2.4.1 The following schema provides an overview:
Social formation | Principle of Organisation | System Institution | Crisis Tendency | Means of Communication | Mode of Consciousness
Primitive | Foraging | Kinship (Sex/Age) | Tribal | External Nature | Speech | Mythic
Traditional | Agricultural | Political Rank | Church and State | Social Identity | Written | Religious
Modern | Industrial | Economic Class | Political and Economic Autonomous Subsystems | System Generated | Printed | Secular

3. Discontent to Social Development
3.1 The individual rejection of civilisation was explored by Sigmund Freud, the original 1930 German "Das Unbehagen in der Kultur" (The Uneasiness in Culture). Freud argues that there is a tension between the conformity of civilization (whether through legal norms or cultural expectations) and the individual's desire for instinctual freedom. In many cases these are obviously necessary for social cohesion and development. Thus civilization both provides the material sources for happiness yet also induces neuroses. A very important further contribution to this theme was Herbert Marcuse's "Eros and Civilization" (1955). Marcuse provides an psychological allegory to the economics of Marx's surplus value with the idea of 'surplus repression'. In Marcuse some repression is necessary for societal ordering and development, but too much leads to sociopathologies and political oppression.
3.2 With a distant connection to 'golden age' or 'sat yuga' ideals modernity saw the introduction of the idea that human beings are inherently good but are corrupted by civilisation (e.g., 'money is the root of all evil') hence the "noble savage", a position identified with Anthony Ashley-Cooper (1699), Jean-Jaques Rousseau (1754), Benjamin Franklin (1784).
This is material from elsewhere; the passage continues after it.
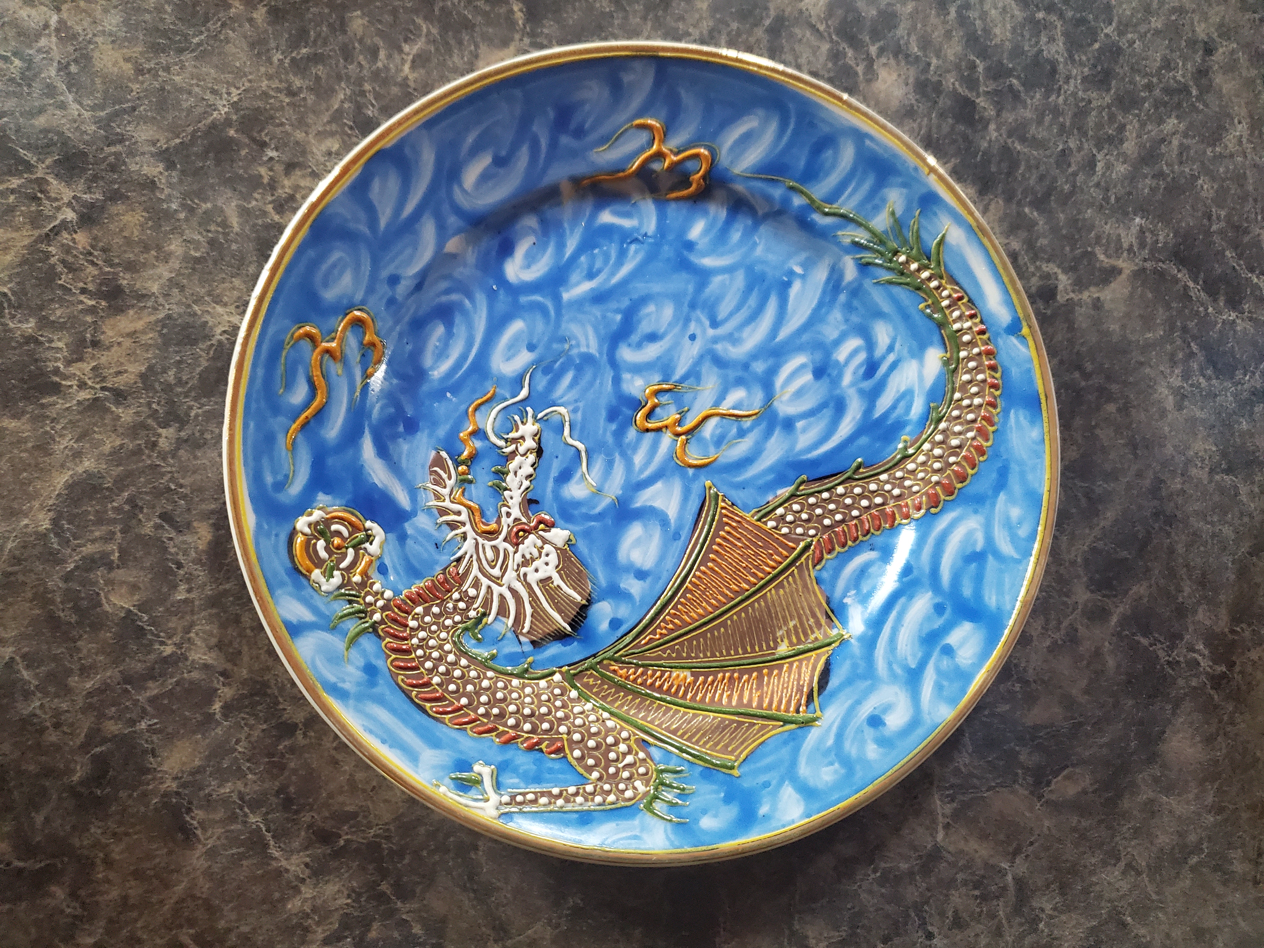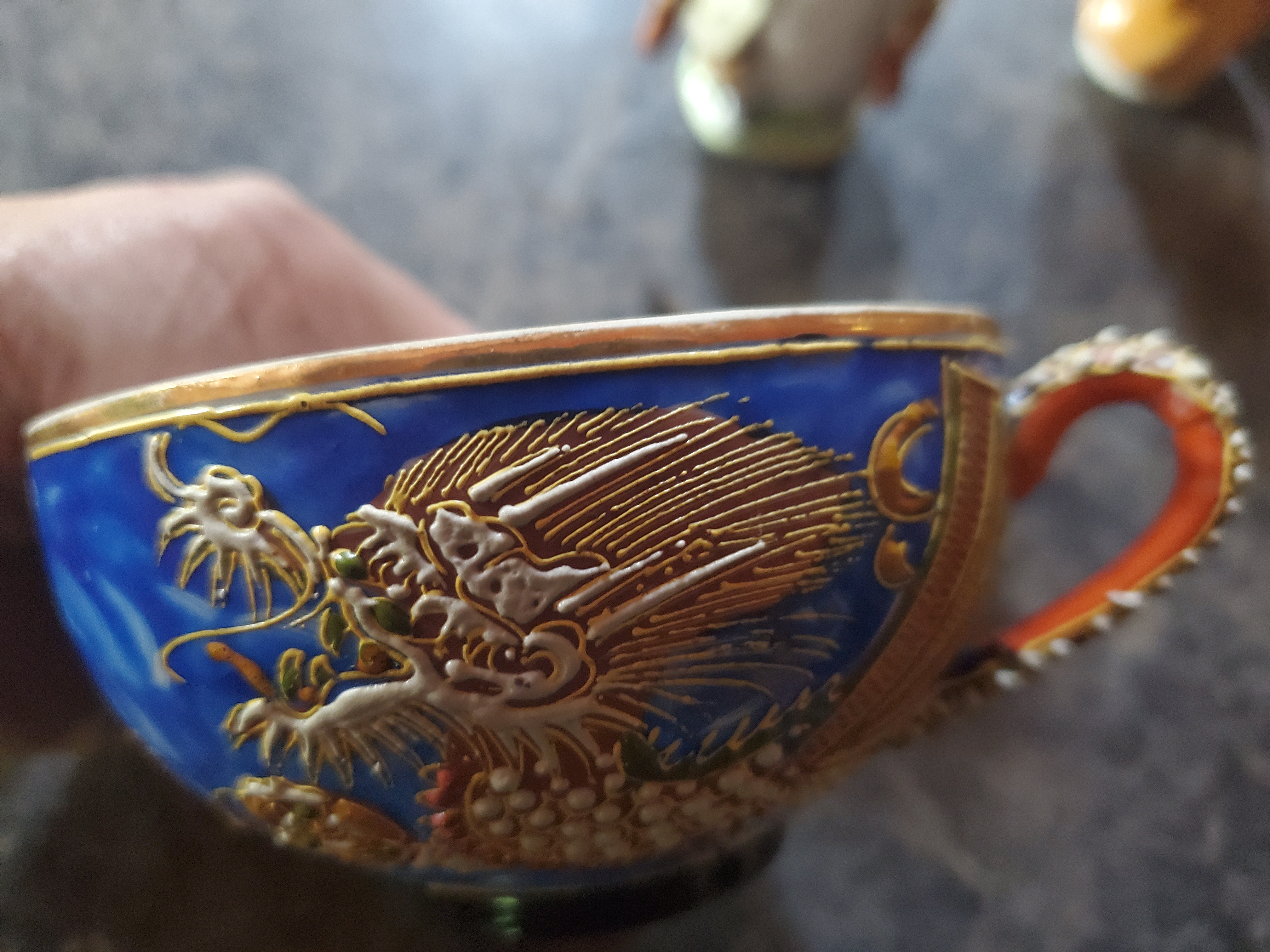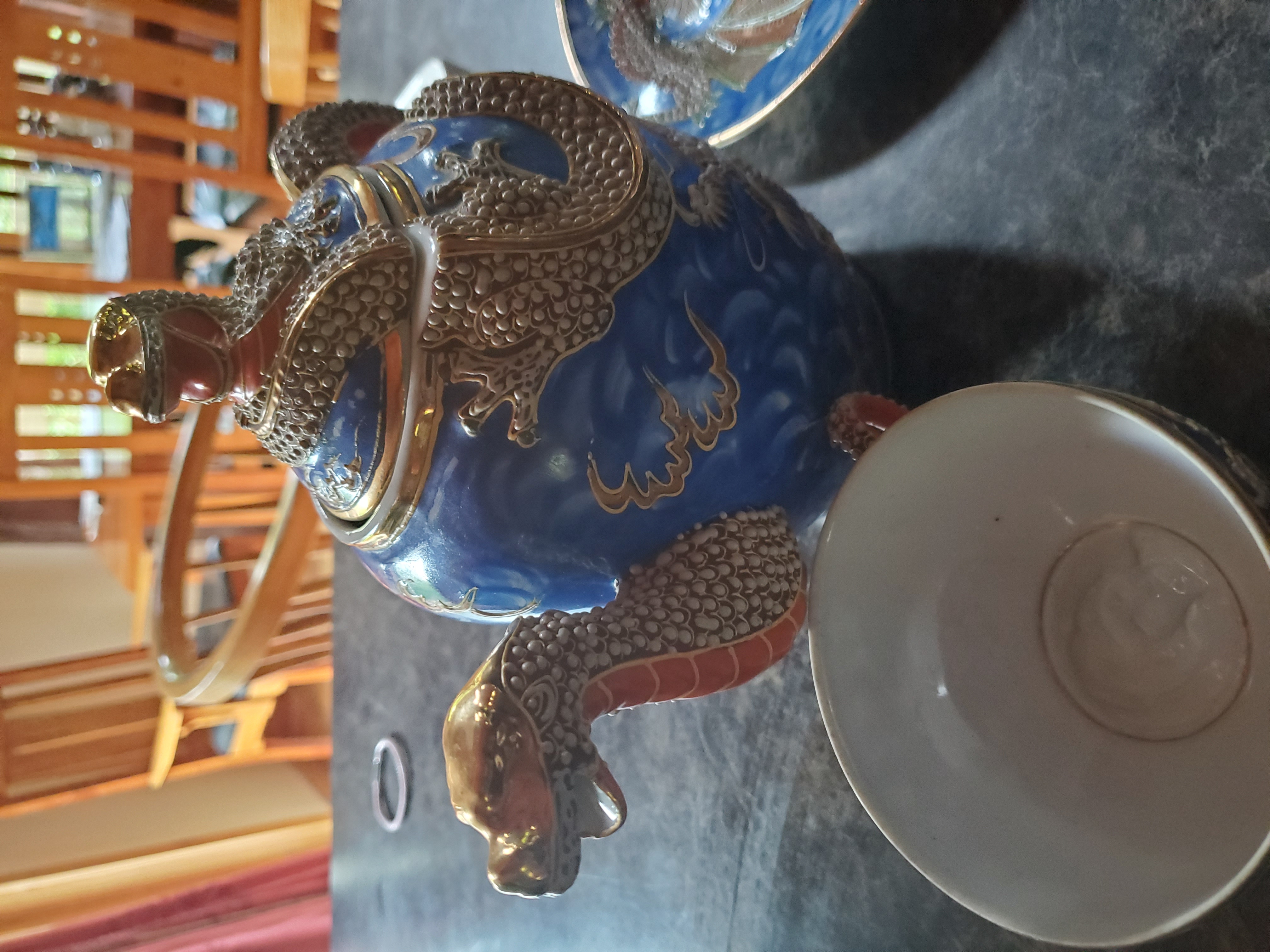 China set made inJapan. blue with dragons, cups have a womans pictut on the bottom when held up to the light. there are small plates, cup plates, large tea pot, snd creamer with the ssme pattern. My dad purchased when he was stationed in Japan. The bottom says Nagoya china, Japan.

"The first man who, having fenced in a piece of land, said "This is mine," and found people naïve enough to believe him, that man was the true founder of civil society. From how many crimes, wars, and murders, from how many horrors and misfortunes might not any one have saved mankind, by pulling up the stakes, or filling up the ditch, and crying to his fellows: Beware of listening to this impostor; you are undone if you once forget that the fruits of the earth belong to us all, and the earth itself to nobody."
- Jean-Jacques Rousseau, Discourse on Inequality, 1754

This concept finds a contemporary expression in anarcho-primitivism, a political perspective which is explicitly against civilization, claiming that agricultural civilization onwards is inherently oppressive, and advocates a return to a hunter-gatherers society. On noted advocate, Zerzan has also argued against the concept of time, abstract symbolic thought (e.g., mathematics, art) and even language itself.